But no power ensued to Stenovics. At the best his fate was a soft fall – a fall on to a cushioned shelf. The cup of Kravonia's iniquity, full with the Prince's murder, brimmed over with the punishment of the man who had caused it. The fight by the lock of Miklevni sealed Kravonia's fate. Civilization must be vindicated! Long columns of flat-capped soldiers begin to wind, like a great snake, over the summit of St. Peter's Pass. Sophy watched them through a telescope from the old wall of Volseni.
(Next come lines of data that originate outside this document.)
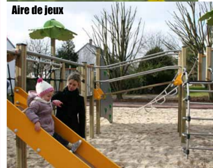
Aire de jeux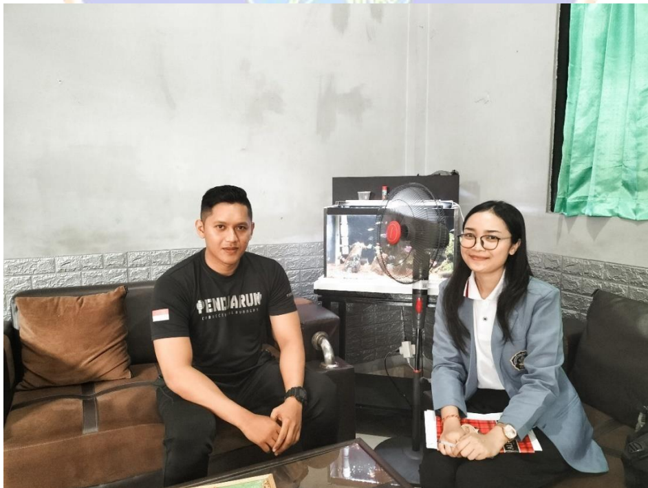
Lampiran 9. Wawancara bersama petugas pembinaan narapidana di Lembaga Pemasyarakatan Kelas IIB Singaraja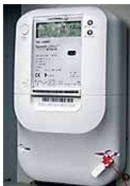
Box mit GPRS-Sender und PLC System

"Our work is done. Monseigneur has mightier avengers," she said.

XXIV
TRUE TO HER LOVE

Volseni forgave Sophy its dead and wounded sons. Her popularity blazed up in a last fierce, flickering fire. The guns were taken; they would not go to Slavna; they would never batter the walls of Volseni into fragments. Slavna might be defied again. That was the great thing to Volseni, and it made little account of the snakelike line which crawled over St. Peter's Pass, and down to Dobrava, and on to Slavna. Let Slavna – hated Slavna – reckon with that! And if the snake – or another like it – came to Volseni? Well, that was better than knuckling down to Slavna. To-night King Sergius was avenged, and Queen Sophia had returned in victory!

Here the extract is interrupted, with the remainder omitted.